* Work instruction *
Write every entry out again exactly, please, and skip the pictures.
══════
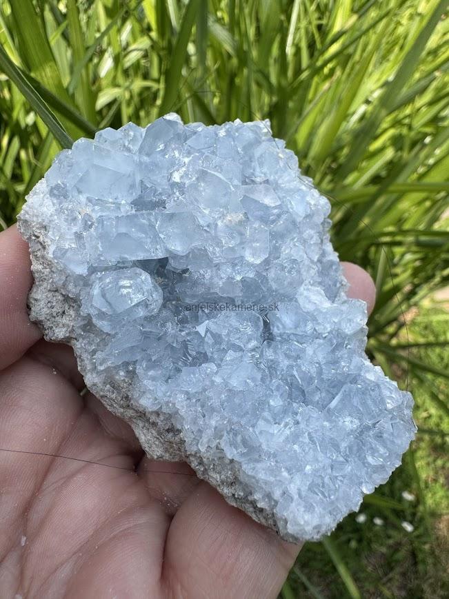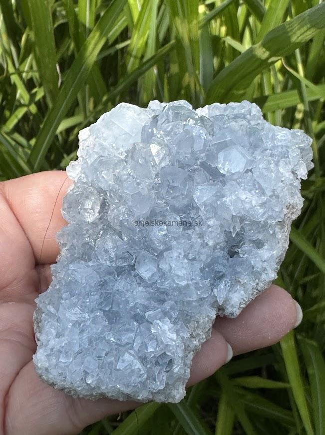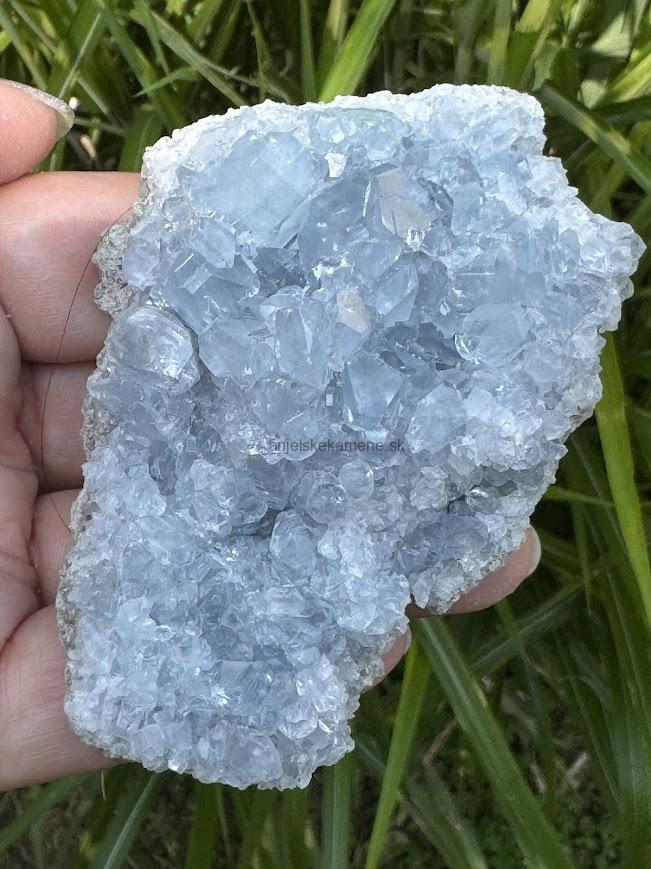 Drúza z anjelského celestínu. Unikátny kus. Veľkosť 9,5 cm, váha 305g. Pôvod Madagaskar.
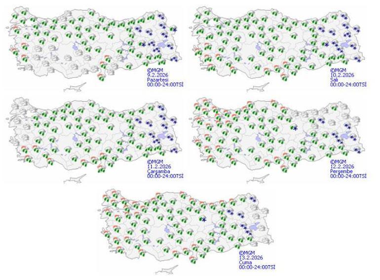 Meteoroloji Genel Müdürlüğü olarak yapılan değerlendirmelere göre: Ülkemiz genelinin parçalı ve çok bulutlu, Mersin ve Karaman hariç yurt genelinin aralıklı yağışlı geçeceği tahmin ediliyor. Yağışların genellikle yağmur ve sağanak, Doğu Anadolu’nun doğusu, Sivas, Bayburt, Bingöl ve Tunceli çevreleri ile Doğu Karadeniz’in yüksek kesimlerinde karla karışık yağmur ve kar şeklinde olması bekleniyor. Yağışların, Doğu Karadeniz kıyıları, Güneydoğu Anadolu’nun doğusu, İstanbul, Kocaeli, Sakarya, Yalova, Bursa, Çanakkale, Aksaray, Niğde, Ordu, Hakkari, Bitlis, Bingöl, Muş ve Şırnak çevreleri ile Balıkesir’in kuzey kesimlerinde yer yer kuvvetli olacağı tahmin ediliyor. Sabah ve gece saatlerinde doğu bölgelerde buzlanma ve don olayı bekleniyor. Doğu Karadeniz’in iç kesimlerinin yüksekleri ile Doğu Anadolu’nun doğusunda yüksek kar örtüsüne sahip eğimli kesimlerinde çığ tehlikesi bulunmaktadır.
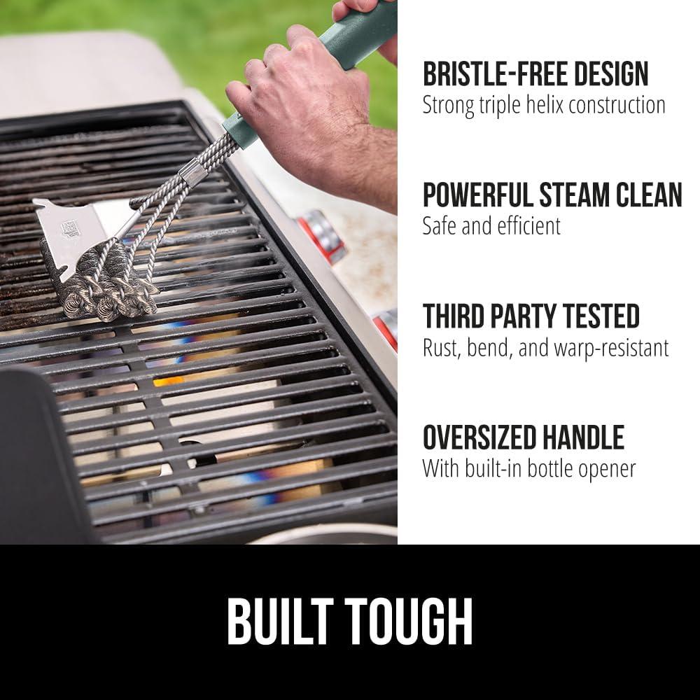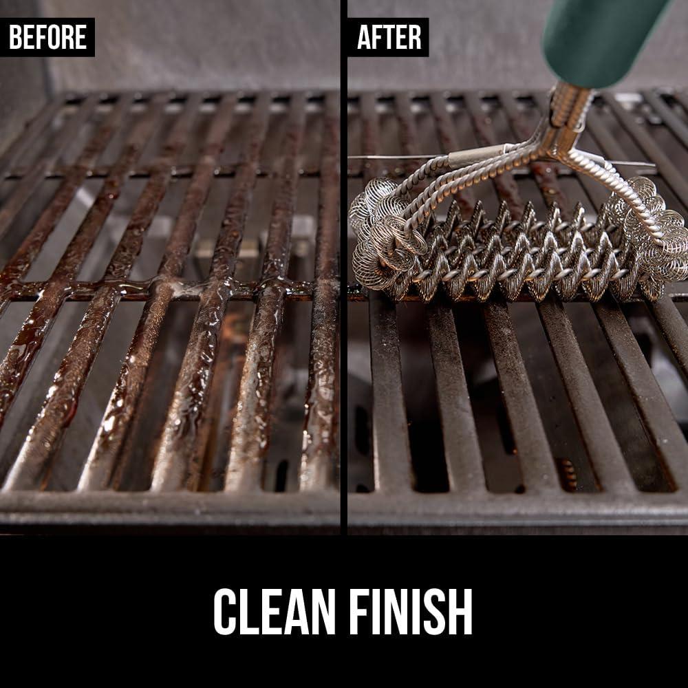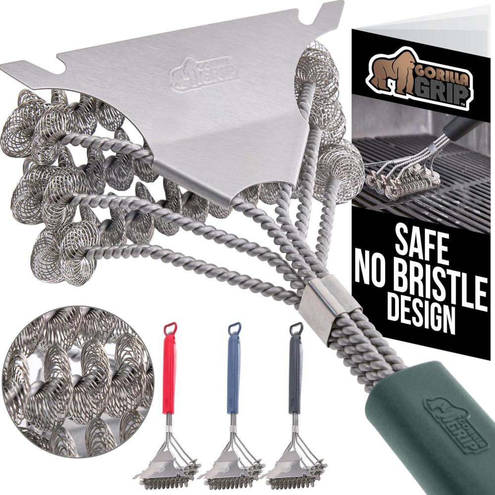 SAFE, NO BRISTLE, TRIPLE LAYER HELIX DESIGN: unlike other brands who use bristles, the Gorilla Grip Grill Brush is safe to use with a triple layer coil design; stainless steel coils help eliminate risk of bristles falling onto grill grates for a worry free cleaning experience; strong helix design efficiently cleans off residue better than typical bristle brushes; works on most types of grills
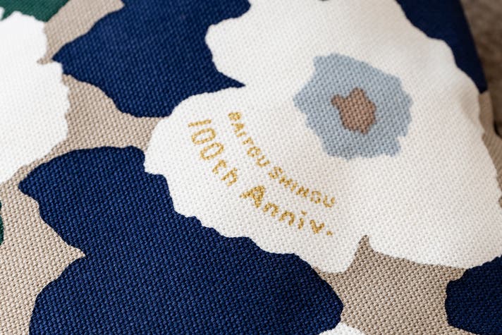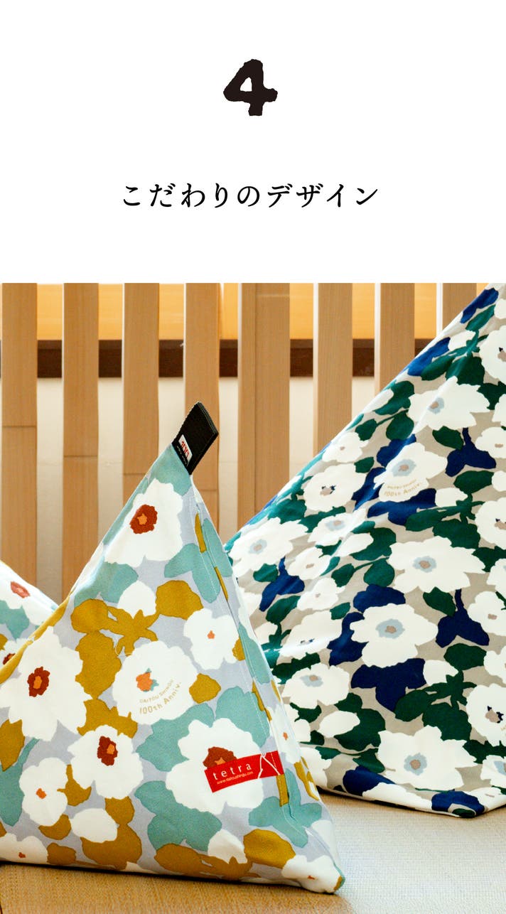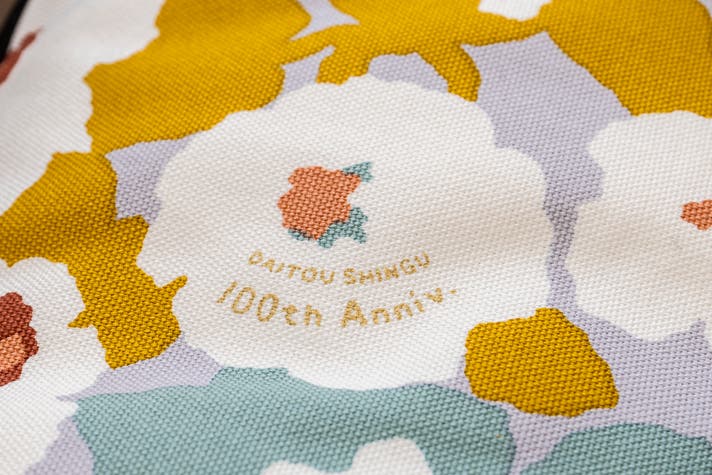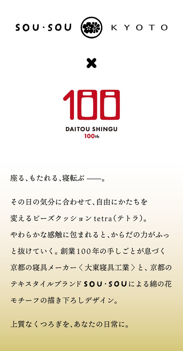 今回の「SOU・SOU × tetra」では、コラボレーションの証として、持ち手部分に大東寝具100周年とSOU・SOUのネームを配しています。またテキスタイルには100周年テキストが入っており、従来のtetraシリーズとは一線を画したデザインに仕上がっています。
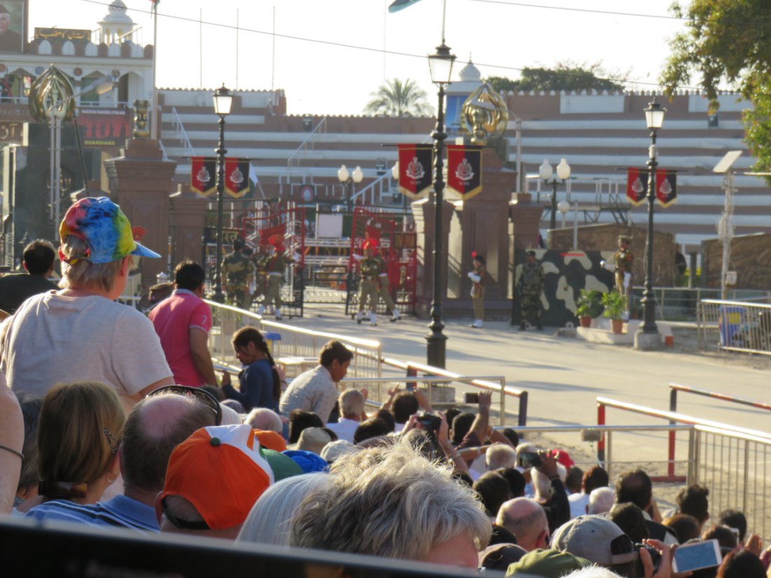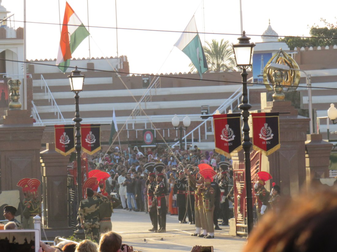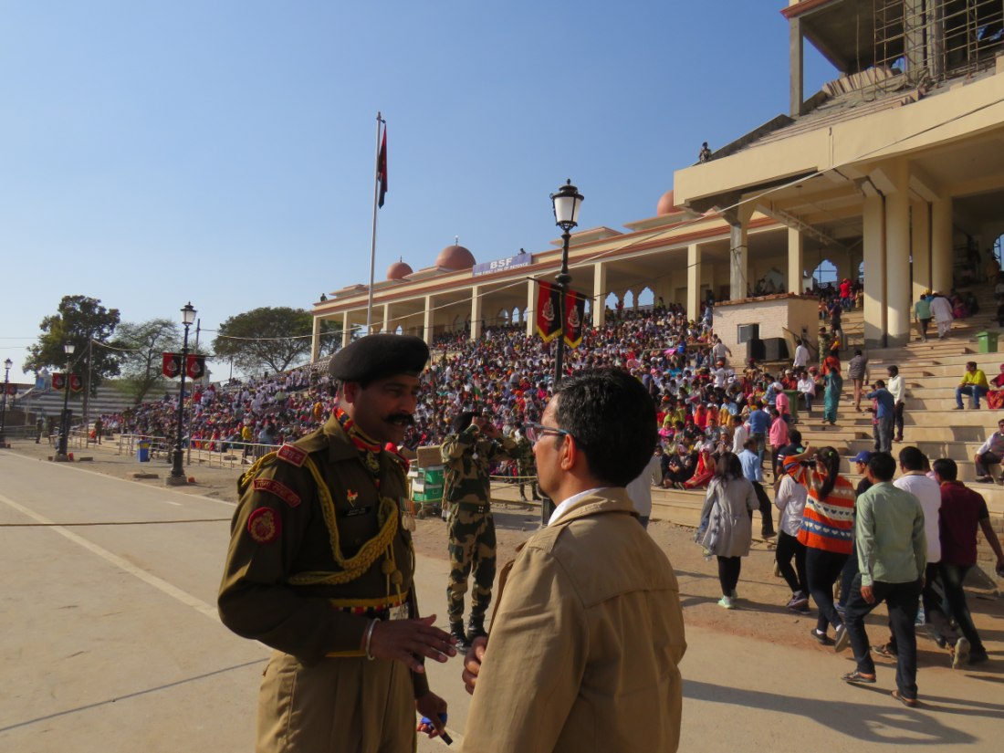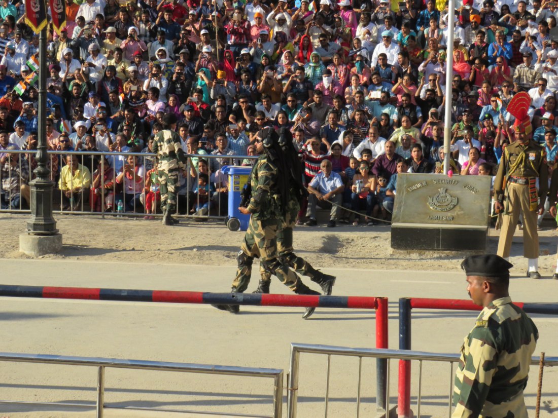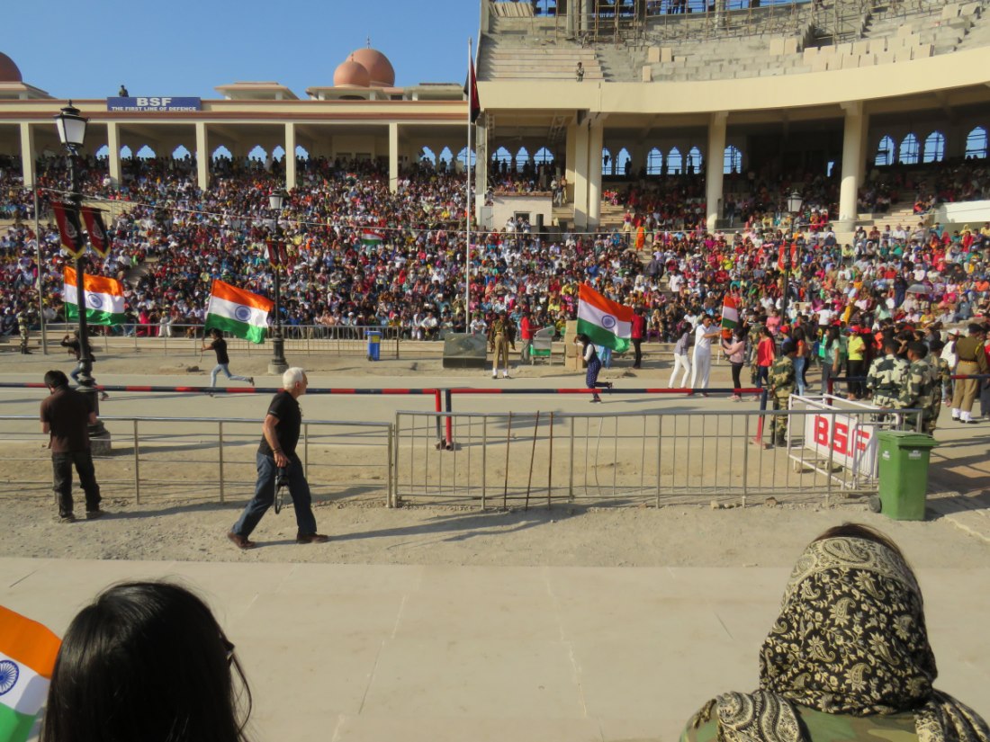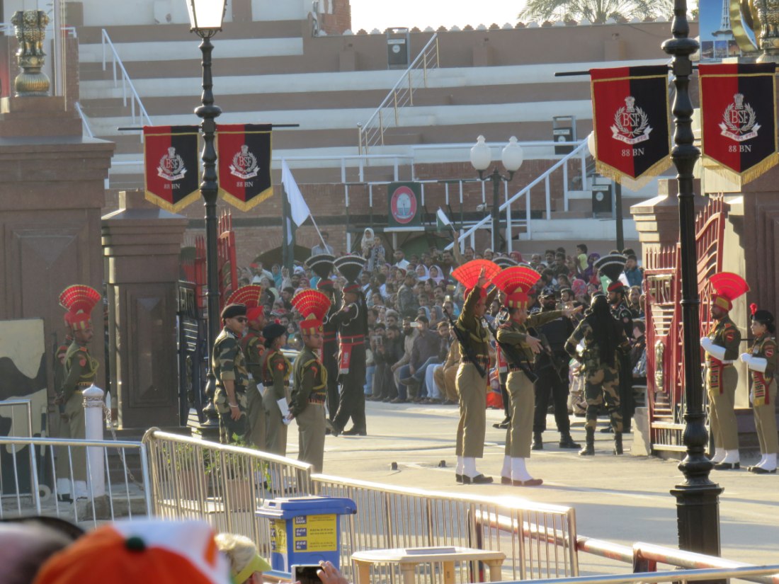Relève de la garde à Attari sur la frontière avec le pakistan. Après avoir passé un poste de contrôle et de nombreux militaires, grande parade-spectacle devant une foule colorée de plusieurs milliers de personnes en liesse, sous bonne garde dans une arène en phase d'agandissement.
══════
* Solution to this exercise *
 Drúza z anjelského celestínu. Unikátny kus. Veľkosť 9,5 cm, váha 305g. Pôvod Madagaskar.
 Meteoroloji Genel Müdürlüğü olarak yapılan değerlendirmelere göre: Ülkemiz genelinin parçalı ve çok bulutlu, Mersin ve Karaman hariç yurt genelinin aralıklı yağışlı geçeceği tahmin ediliyor. Yağışların genellikle yağmur ve sağanak, Doğu Anadolu’nun doğusu, Sivas, Bayburt, Bingöl ve Tunceli çevreleri ile Doğu Karadeniz’in yüksek kesimlerinde karla karışık yağmur ve kar şeklinde olması bekleniyor. Yağışların, Doğu Karadeniz kıyıları, Güneydoğu Anadolu’nun doğusu, İstanbul, Kocaeli, Sakarya, Yalova, Bursa, Çanakkale, Aksaray, Niğde, Ordu, Hakkari, Bitlis, Bingöl, Muş ve Şırnak çevreleri ile Balıkesir’in kuzey kesimlerinde yer yer kuvvetli olacağı tahmin ediliyor. Sabah ve gece saatlerinde doğu bölgelerde buzlanma ve don olayı bekleniyor. Doğu Karadeniz’in iç kesimlerinin yüksekleri ile Doğu Anadolu’nun doğusunda yüksek kar örtüsüne sahip eğimli kesimlerinde çığ tehlikesi bulunmaktadır.
 SAFE, NO BRISTLE, TRIPLE LAYER HELIX DESIGN: unlike other brands who use bristles, the Gorilla Grip Grill Brush is safe to use with a triple layer coil design; stainless steel coils help eliminate risk of bristles falling onto grill grates for a worry free cleaning experience; strong helix design efficiently cleans off residue better than typical bristle brushes; works on most types of grills
 今回の「SOU・SOU × tetra」では、コラボレーションの証として、持ち手部分に大東寝具100周年とSOU・SOUのネームを配しています。またテキスタイルには100周年テキストが入っており、従来のtetraシリーズとは一線を画したデザインに仕上がっています。
Relève de la garde à Attari sur la frontière avec le pakistan. Après avoir passé un poste de contrôle et de nombreux militaires, grande parade-spectacle devant une foule colorée de plusieurs milliers de personnes en liesse, sous bonne garde dans une arène en phase d'agandissement.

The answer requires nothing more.